Me and my bro will be there around 8ish. 3-12' black rods with white tape and a light blue cooler


----------



## Wrong Way (May 29, 2003)

Did anyone who made it out there have any luck? It was really windy out there and the fishing was the slowest that I've experience at SPSP this year. I heard reports from the ranger that someone caught a keeper striper and the guy near us caught a small 10" blue and a few catfish was landed near the rock jetty. Other than that, noone was seen catching anything. We somehow got lucky and managed a spot and 2 21" catfish but fishing wasn't exciting last night. Must of been the windy conditions and lack of fish. I got some pics of the cats we caught and will try to link it later


----------



## TunaFish (Aug 16, 2001)

WW,
Same here. I only caught 1 spot, that's it. RedDog1 did little better. They were hitting early on (around 7'ish), then it just stopped. We packed up pretty early. I was surprised by the wind gusts, when I left Bowie there was pratically no wind.


----------



## reddog1 (May 3, 2003)

Where were you? I was out there with Tunafish and Huntsman showed up late. I caught a croaker (14") and two nice spot. Yes it was very windy there last night but at leat no bugs.


----------



## Wrong Way (May 29, 2003)

We didn't get there until 7:45PM and decided to fish towards the tree. I think we were the ones closest to the tree. So which one of you caught the keeper striper?? Here are where the pics are located.http://f1.pg.briefcase.yahoo.com/bc/peakkaboo_/lst?.dir=/Fishing&.view=l


----------



## TunaFish (Aug 16, 2001)

Nope, not me.


----------



## reddog1 (May 3, 2003)

Whats with all the catfish? THere must just not be any other fish out there.


----------



## Huntsman (Mar 6, 2003)

Hey Hey, RD and Tuna what a glorious night of fishing. I ended up w/ 10 31" Blues and 15 spot... 
:jawdrop: hehehe


And then the clock rang and it was time to roll outta bed and head to work. Man!!!! SPSP is slowly but surely dropping on my favorite spots to visit. After the two fighting 4" Schoolies I believe I'll be mak'n a trip elsewhere this evening. Not sure as of yet, but we'll see. 
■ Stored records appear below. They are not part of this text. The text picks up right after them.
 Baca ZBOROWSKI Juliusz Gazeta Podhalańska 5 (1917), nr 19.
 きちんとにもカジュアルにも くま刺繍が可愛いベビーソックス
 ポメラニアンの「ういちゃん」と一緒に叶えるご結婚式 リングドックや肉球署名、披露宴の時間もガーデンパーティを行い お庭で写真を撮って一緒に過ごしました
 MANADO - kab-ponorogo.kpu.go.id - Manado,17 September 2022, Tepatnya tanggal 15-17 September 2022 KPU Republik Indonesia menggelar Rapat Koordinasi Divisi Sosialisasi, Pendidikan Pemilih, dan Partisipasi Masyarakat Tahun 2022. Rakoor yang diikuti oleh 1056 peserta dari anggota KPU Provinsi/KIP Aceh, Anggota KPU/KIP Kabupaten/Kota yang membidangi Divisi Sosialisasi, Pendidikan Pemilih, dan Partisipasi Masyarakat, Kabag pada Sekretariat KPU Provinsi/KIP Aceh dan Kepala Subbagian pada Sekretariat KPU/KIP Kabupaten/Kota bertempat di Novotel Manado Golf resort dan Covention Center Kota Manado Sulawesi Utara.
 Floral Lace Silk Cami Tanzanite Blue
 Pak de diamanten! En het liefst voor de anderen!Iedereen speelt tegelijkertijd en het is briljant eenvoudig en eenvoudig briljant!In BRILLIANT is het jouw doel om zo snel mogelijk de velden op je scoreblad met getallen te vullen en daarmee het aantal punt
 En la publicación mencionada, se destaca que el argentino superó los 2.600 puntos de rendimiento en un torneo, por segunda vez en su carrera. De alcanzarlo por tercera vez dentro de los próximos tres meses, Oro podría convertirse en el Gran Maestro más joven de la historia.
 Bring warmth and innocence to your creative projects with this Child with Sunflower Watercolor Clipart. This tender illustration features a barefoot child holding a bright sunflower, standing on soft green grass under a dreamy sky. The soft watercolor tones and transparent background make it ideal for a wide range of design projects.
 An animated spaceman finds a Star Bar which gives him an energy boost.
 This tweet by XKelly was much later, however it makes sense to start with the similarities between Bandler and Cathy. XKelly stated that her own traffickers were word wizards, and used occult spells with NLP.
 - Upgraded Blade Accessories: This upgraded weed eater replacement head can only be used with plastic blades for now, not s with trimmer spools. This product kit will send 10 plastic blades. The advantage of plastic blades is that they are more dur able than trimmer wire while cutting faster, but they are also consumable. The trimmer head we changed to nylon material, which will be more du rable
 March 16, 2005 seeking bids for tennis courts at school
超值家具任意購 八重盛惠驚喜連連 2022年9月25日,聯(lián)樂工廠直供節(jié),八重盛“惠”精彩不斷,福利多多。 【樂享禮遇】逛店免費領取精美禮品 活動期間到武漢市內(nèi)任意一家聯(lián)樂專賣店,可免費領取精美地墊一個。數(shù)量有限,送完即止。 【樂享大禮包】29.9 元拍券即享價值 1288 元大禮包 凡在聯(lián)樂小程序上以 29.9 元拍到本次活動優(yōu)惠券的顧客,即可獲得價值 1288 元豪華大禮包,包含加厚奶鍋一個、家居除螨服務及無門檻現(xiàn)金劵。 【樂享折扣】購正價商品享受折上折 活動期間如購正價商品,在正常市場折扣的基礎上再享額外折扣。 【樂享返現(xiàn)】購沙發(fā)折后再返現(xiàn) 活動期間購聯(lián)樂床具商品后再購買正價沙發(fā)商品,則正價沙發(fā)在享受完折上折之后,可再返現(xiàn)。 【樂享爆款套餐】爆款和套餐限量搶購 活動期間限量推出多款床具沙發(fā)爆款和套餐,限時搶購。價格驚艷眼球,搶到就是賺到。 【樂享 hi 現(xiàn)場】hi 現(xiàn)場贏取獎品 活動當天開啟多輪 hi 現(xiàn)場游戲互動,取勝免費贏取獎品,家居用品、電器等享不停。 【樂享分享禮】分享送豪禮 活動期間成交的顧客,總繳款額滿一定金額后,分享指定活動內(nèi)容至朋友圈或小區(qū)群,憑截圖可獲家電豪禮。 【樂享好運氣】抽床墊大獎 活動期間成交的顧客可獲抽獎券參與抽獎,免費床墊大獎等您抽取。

Where are or are any of you guys head'n out for this evening? I'm thinking maybe the Peake or NB (not the pier) I fish off a gentleman's property down there. It's been pretty decent the couple of times I've visited.


----------



## TunaFish (Aug 16, 2001)

HuntsMan, Yeah, Right!!!!!! I think I'll head to the Peake tonight. I'll stay only for few hrs. Gotta get up real early tomorrow..


----------



## Huntsman (Mar 6, 2003)

Tuna, hit me on the mobile and let me know what's happening out there. I won't be roll'n in ole 78', the wifey is gonna be helping one of her witches...lol.. friends move some chairs or some stuff from Naplis. But I may swing out that way. We'll see. If you're not hit'n anything early I may swing out to NB.


----------



## TunaFish (Aug 16, 2001)

Okie Dokie. If you don't hear from me, it means I won't make it. Remember to raise the antennas cus I usually get your voice mail.


----------



## Huntsman (Mar 6, 2003)

HA HA, you're a funny Fish... I'll try not to catch a skunk like you did last evening!


----------